(Collected data entries)
□ □ □ □ □

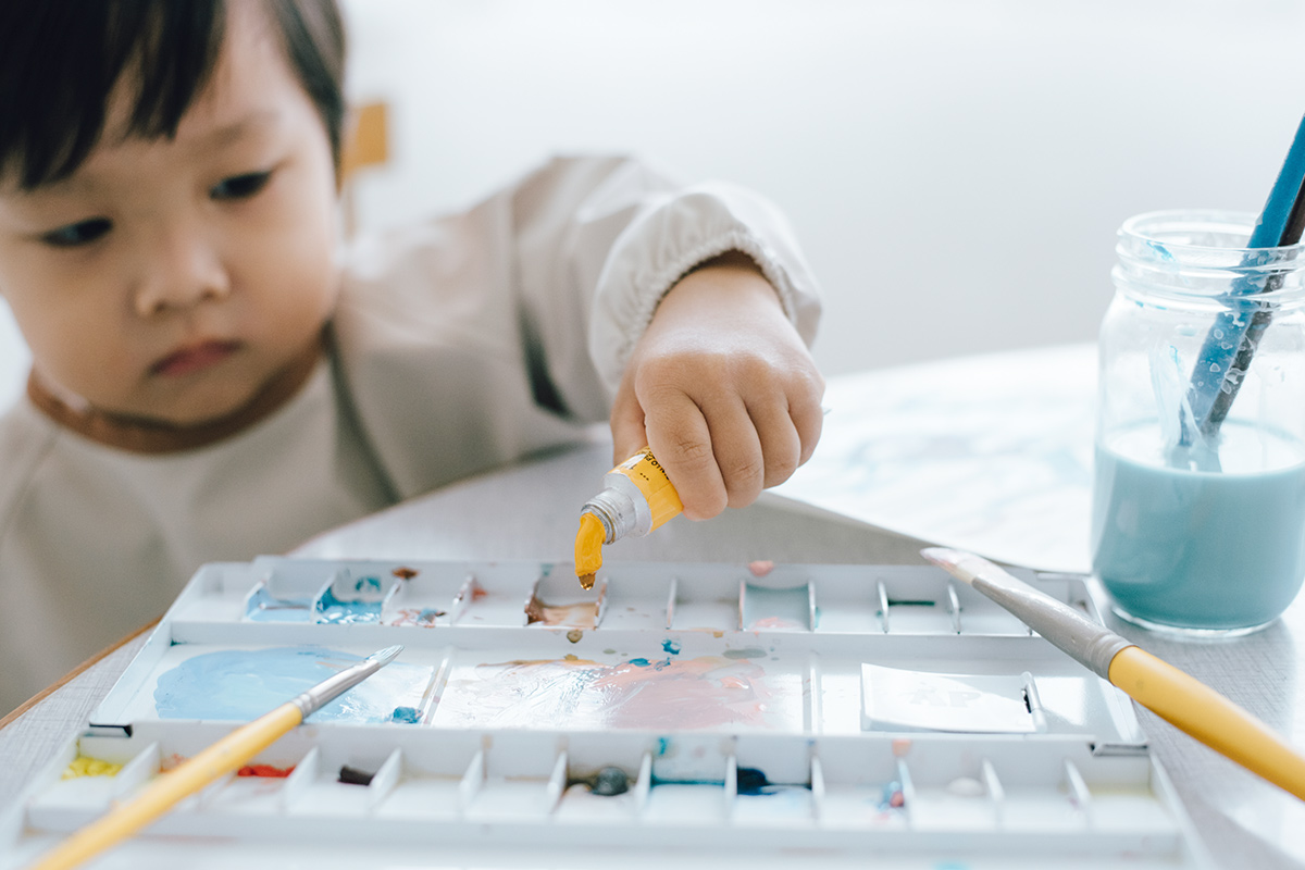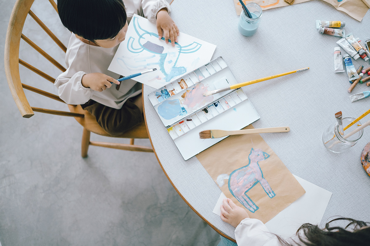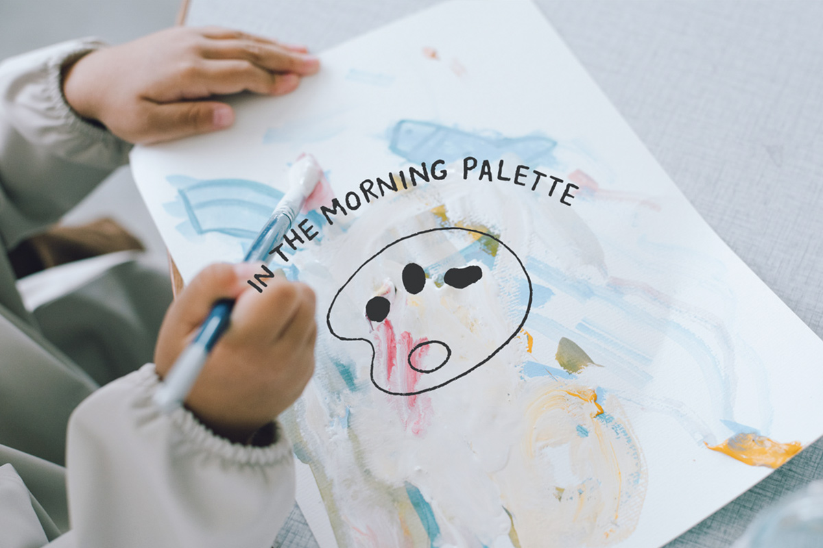 kanan muna 第一個推出的系列 in the morning palette,以畫畫為主題,設計讓孩子能在各個場所隨心所欲創作的用品和服飾。
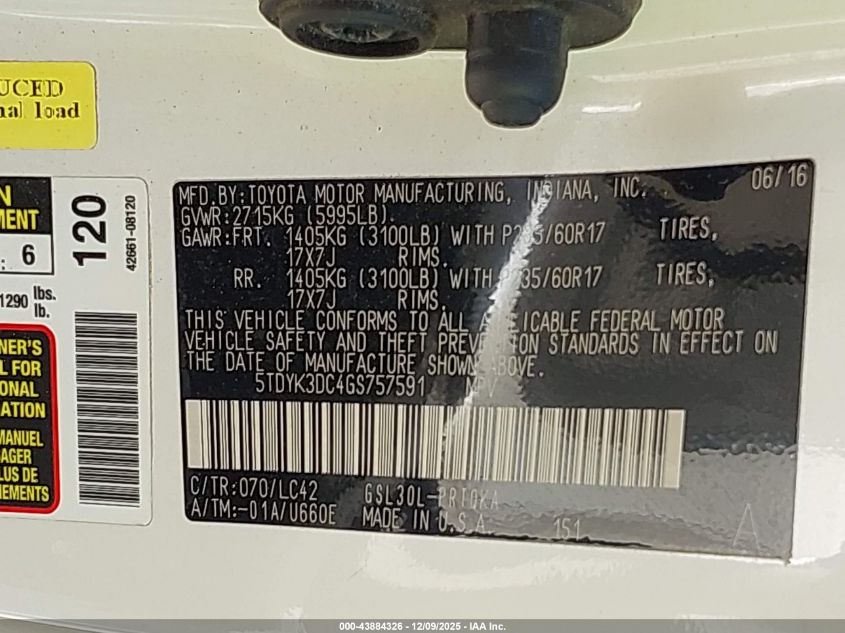 2016 TOYOTA SIENNA 2016 року Бензин, 3.5, Передній привід, vin - 5TDYK3DC4GS757591 з США
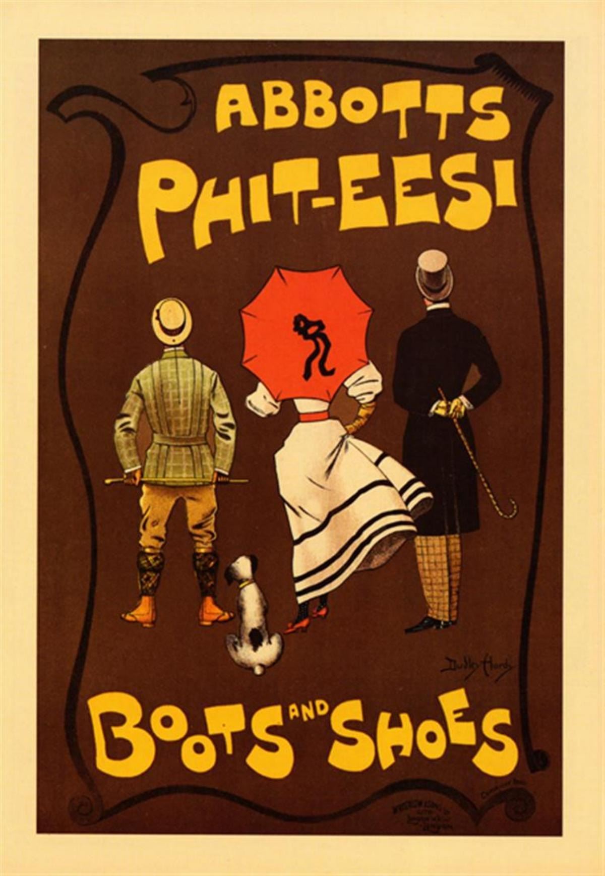 Artist: Dudley Hardy Title: Abbotts Phit-eesi Boots and Shoes Medium: Fine Art Giclee on Canvas Image Size: Approximately 32 inches x 22 inches Framed: Unframed on Unstretched Canvas Details: This is a beautiful Reproduction Giclee on Archival Canvas "The prolific English artist Dudley Hardy is best known for his work for publications and the theatre, both as an illustrator and posterist. His work for commercial firms is considerably rarer. And yet his contribution to poster art is considerable: 'He really introduced the colour poster to England. His posters are strongly derivative of Jules Cheret's. Like Cheret he appreciated the advertising value of sex-appeal, and his recurring subjects are legs, tutu's, frou-frous and legs again.
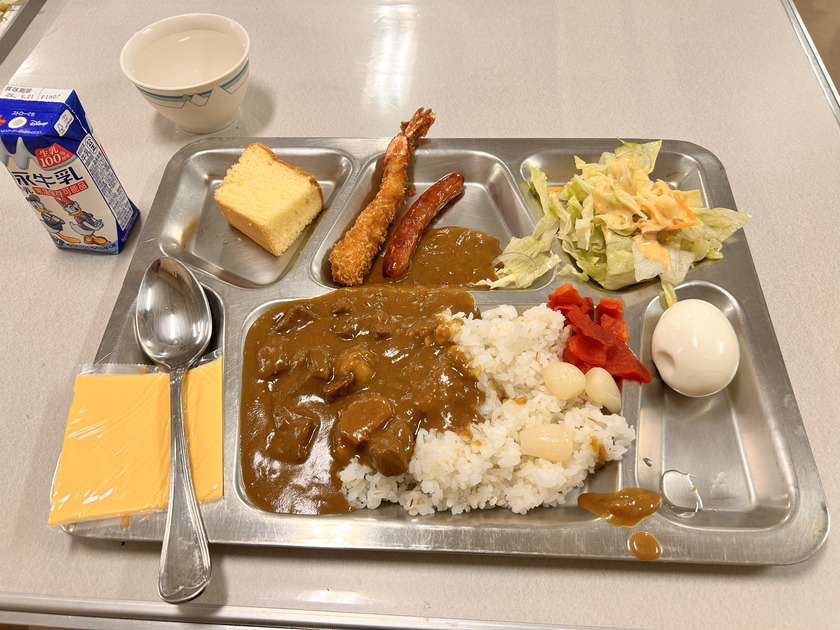 「カレーがとーってもおいしかった!!」「金曜日のカレーがむちゃくちゃおいしい」と、海上自衛隊名物のカレーは学生たちにも大好評。通常版と激辛版が用意され、学生たちも大満足でした。
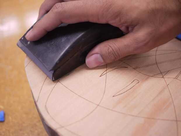 - Arena de la tapa armónica, comience con lija de grano 150, seguido de 220, 320 y lija de grano 400. Utilice un bloque de lijado para mantener el nivel de lijar y siempre lije siguiendo la veta, no contra él.
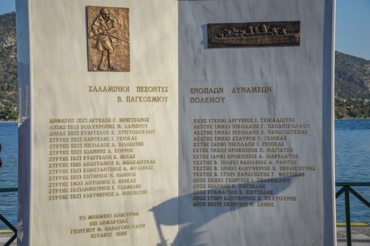 Ο Αρχηγός ΓΕΝ (Α/ΓΕΝ) Αντιναύαρχος Ιωάννης Δρυμούσης ΠΝ, εκπροσωπώντας και τον Αρχηγό ΓΕΕΘΑ Στρατηγό Κωνσταντίνο Φλώρο, την Κυριακή 09 Ιουλίου 2023, παρέστη στα Αποκαλυπτήρια του Μνημείου Σαλαμίνιων Πεσόντων Στρατού και Ναυτικού κατά τον Β΄ Παγκόσμιο Πόλεμο, στην Σαλαμίνα.
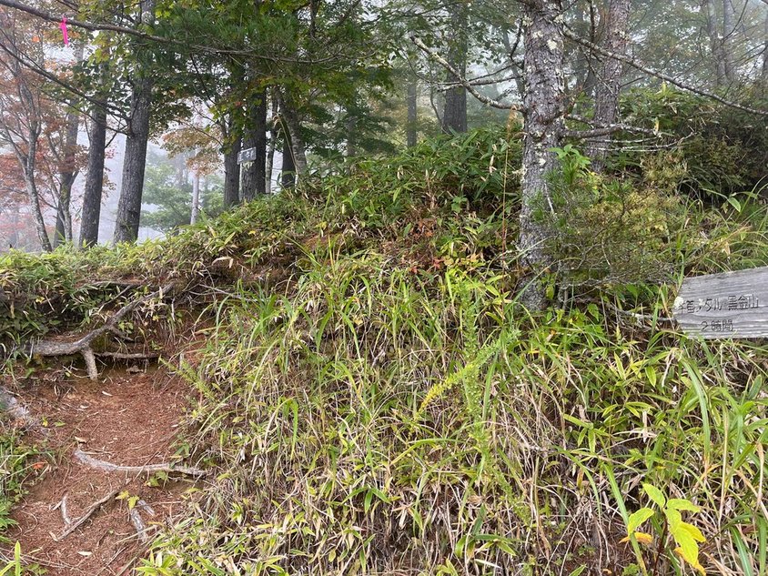 雨は降っていないが雲は低い。まあ~のんびり歩いても2時間強だろう。降ってくれば雨具を着ればよい。道も険しい所はないはず、と判断しそのまま出発(0800)。車で通ってきた林道を戻る。途中で県警の車とすれ違う。「これから周回ですか?」の問いに「今日はヒュッテに泊まってのんびりです」と答えたら笑って「ご安全に!」と挨拶を返してくれた。牧場の少し手前で、乾徳山へ向かう分岐に出会う。
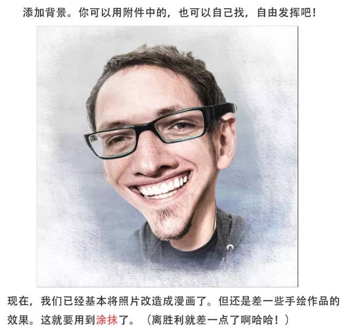 漫画是一种有趣的、替代传统的肖像画。我们的想法是进行滑稽夸大特定特征来展现个人的幽默。Photoshop中的扭曲变形和液化功能是很好的,可以让你将一个摄影肖像改造成漫画。最终效果
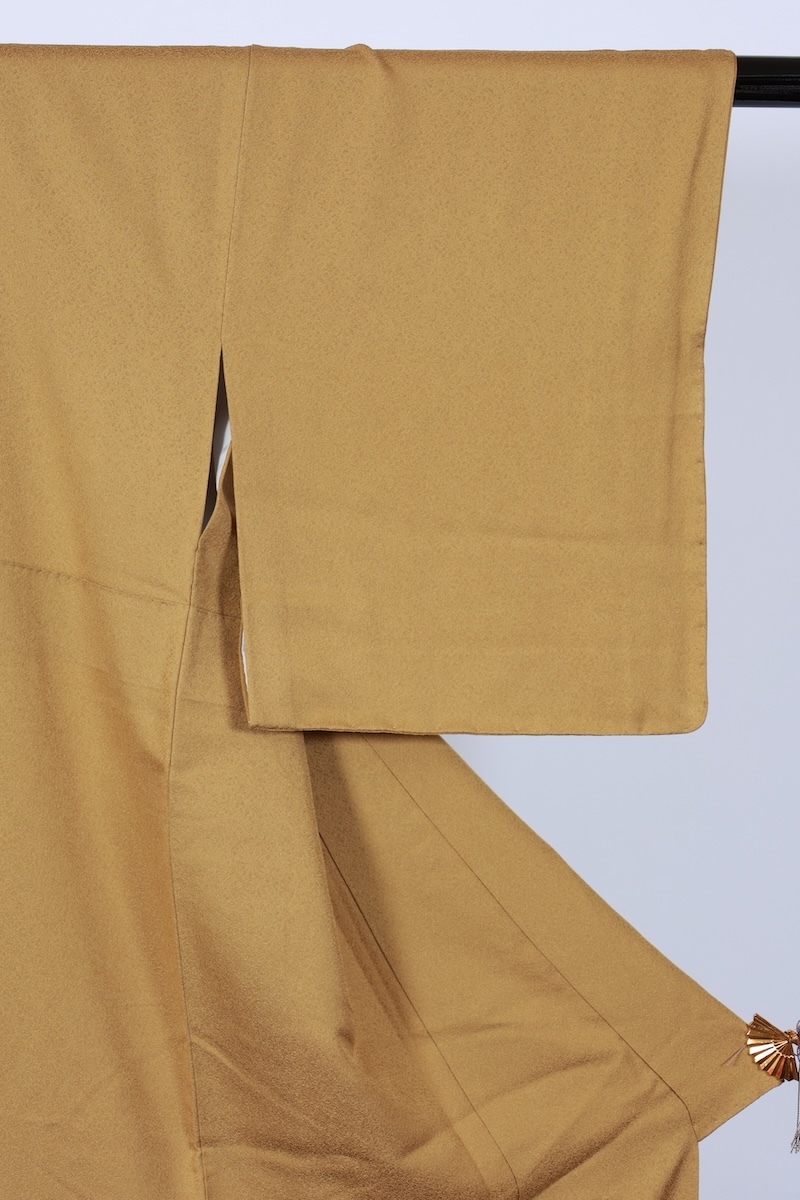 オシャレな茶系の色に菊の地紋通しに染め上げた素敵なお品をオシャレに色合わせしてお出かけください。
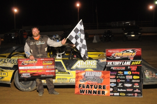 What won the race: Overtaking Logan Roberson of Waynesboro, Va., in the closing laps, former tour champ John Waters of Whitesville, N.Y., led the final three circuits Sunday night at Bradford Speedway to pick up a $3,000 RUSH Crate Late Model Series victory. It was his first win of 2022 on the tour.
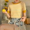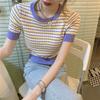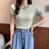 Short-sleeved Knit Sweater Female Summer Striped Knit Round Neck Thin T-shirt Short Paragraph Foreign-style Top Tide Casual Slim Fit Pullovers Tees
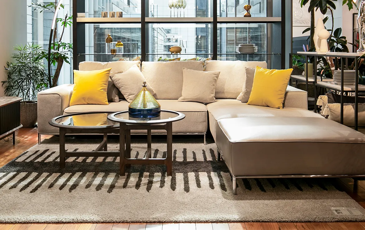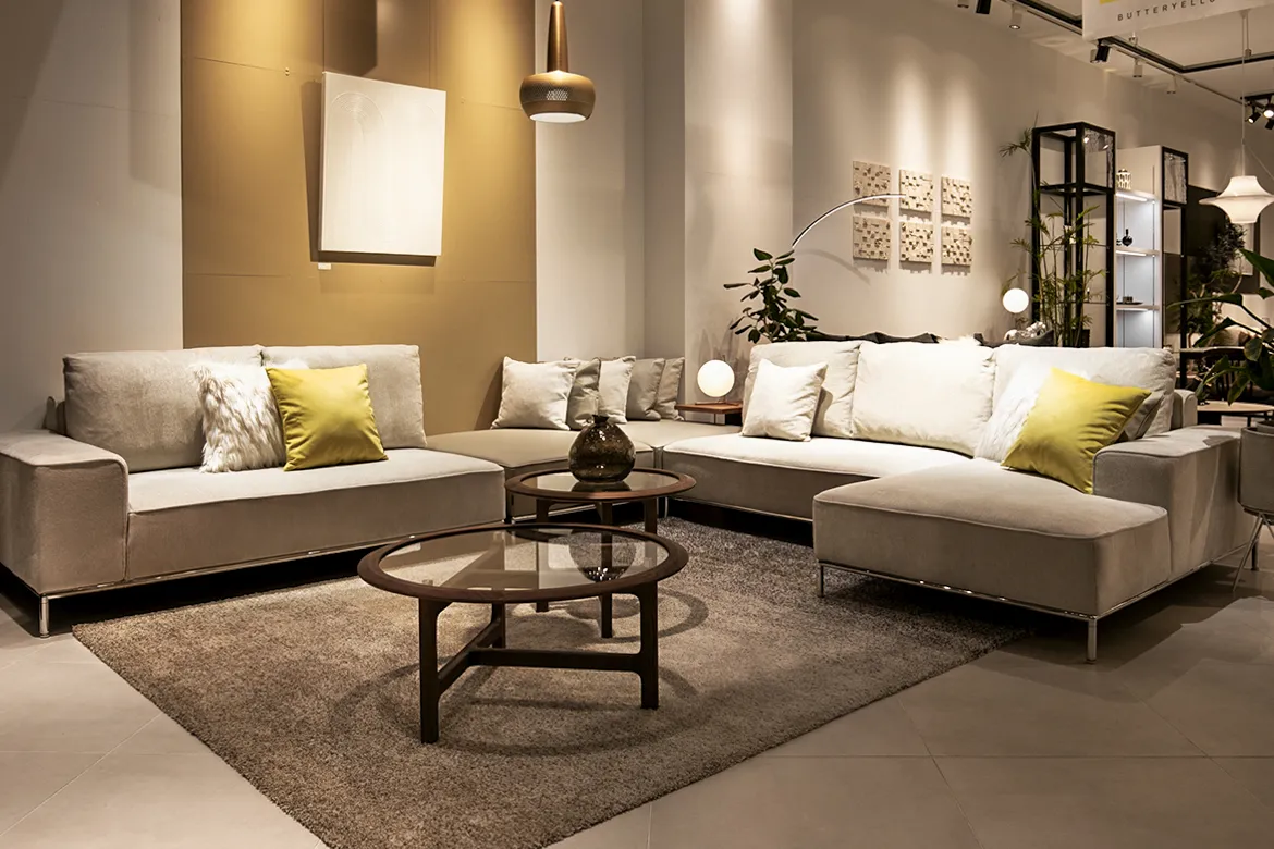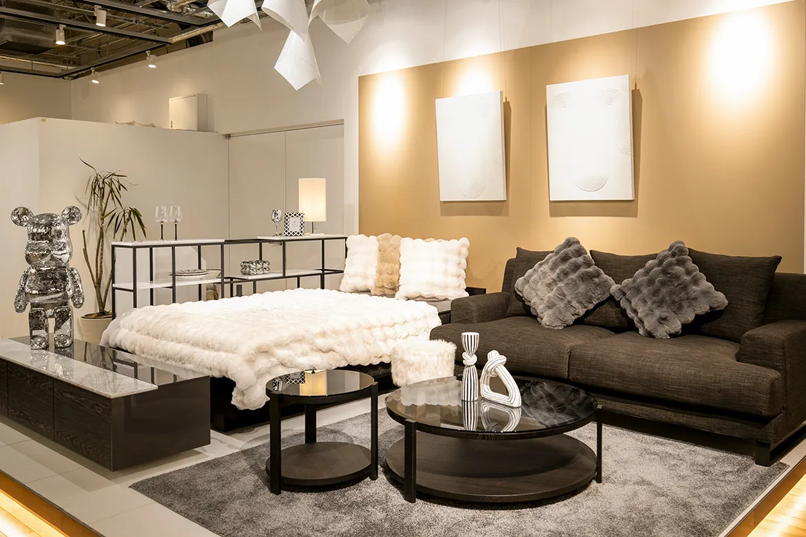 春の息吹を感じさせる、柔らかなトーンで合わせたベージュカラーのソファセットを使用したコーディネート。

□ □ □ □ □

▸ **Task statement**:
Once the pictures are set aside, repeat the data above exactly as written.

▸ **Exercise solution**:
 kanan muna 第一個推出的系列 in the morning palette,以畫畫為主題,設計讓孩子能在各個場所隨心所欲創作的用品和服飾。
 2016 TOYOTA SIENNA 2016 року Бензин, 3.5, Передній привід, vin - 5TDYK3DC4GS757591 з США
 Artist: Dudley Hardy Title: Abbotts Phit-eesi Boots and Shoes Medium: Fine Art Giclee on Canvas Image Size: Approximately 32 inches x 22 inches Framed: Unframed on Unstretched Canvas Details: This is a beautiful Reproduction Giclee on Archival Canvas "The prolific English artist Dudley Hardy is best known for his work for publications and the theatre, both as an illustrator and posterist. His work for commercial firms is considerably rarer. And yet his contribution to poster art is considerable: 'He really introduced the colour poster to England. His posters are strongly derivative of Jules Cheret's. Like Cheret he appreciated the advertising value of sex-appeal, and his recurring subjects are legs, tutu's, frou-frous and legs again.
 「カレーがとーってもおいしかった!!」「金曜日のカレーがむちゃくちゃおいしい」と、海上自衛隊名物のカレーは学生たちにも大好評。通常版と激辛版が用意され、学生たちも大満足でした。
 - Arena de la tapa armónica, comience con lija de grano 150, seguido de 220, 320 y lija de grano 400. Utilice un bloque de lijado para mantener el nivel de lijar y siempre lije siguiendo la veta, no contra él.
 Ο Αρχηγός ΓΕΝ (Α/ΓΕΝ) Αντιναύαρχος Ιωάννης Δρυμούσης ΠΝ, εκπροσωπώντας και τον Αρχηγό ΓΕΕΘΑ Στρατηγό Κωνσταντίνο Φλώρο, την Κυριακή 09 Ιουλίου 2023, παρέστη στα Αποκαλυπτήρια του Μνημείου Σαλαμίνιων Πεσόντων Στρατού και Ναυτικού κατά τον Β΄ Παγκόσμιο Πόλεμο, στην Σαλαμίνα.
 雨は降っていないが雲は低い。まあ~のんびり歩いても2時間強だろう。降ってくれば雨具を着ればよい。道も険しい所はないはず、と判断しそのまま出発(0800)。車で通ってきた林道を戻る。途中で県警の車とすれ違う。「これから周回ですか?」の問いに「今日はヒュッテに泊まってのんびりです」と答えたら笑って「ご安全に!」と挨拶を返してくれた。牧場の少し手前で、乾徳山へ向かう分岐に出会う。
 漫画是一种有趣的、替代传统的肖像画。我们的想法是进行滑稽夸大特定特征来展现个人的幽默。Photoshop中的扭曲变形和液化功能是很好的,可以让你将一个摄影肖像改造成漫画。最终效果
 オシャレな茶系の色に菊の地紋通しに染め上げた素敵なお品をオシャレに色合わせしてお出かけください。
 What won the race: Overtaking Logan Roberson of Waynesboro, Va., in the closing laps, former tour champ John Waters of Whitesville, N.Y., led the final three circuits Sunday night at Bradford Speedway to pick up a $3,000 RUSH Crate Late Model Series victory. It was his first win of 2022 on the tour.
 Short-sleeved Knit Sweater Female Summer Striped Knit Round Neck Thin T-shirt Short Paragraph Foreign-style Top Tide Casual Slim Fit Pullovers Tees
 春の息吹を感じさせる、柔らかなトーンで合わせたベージュカラーのソファセットを使用したコーディネート。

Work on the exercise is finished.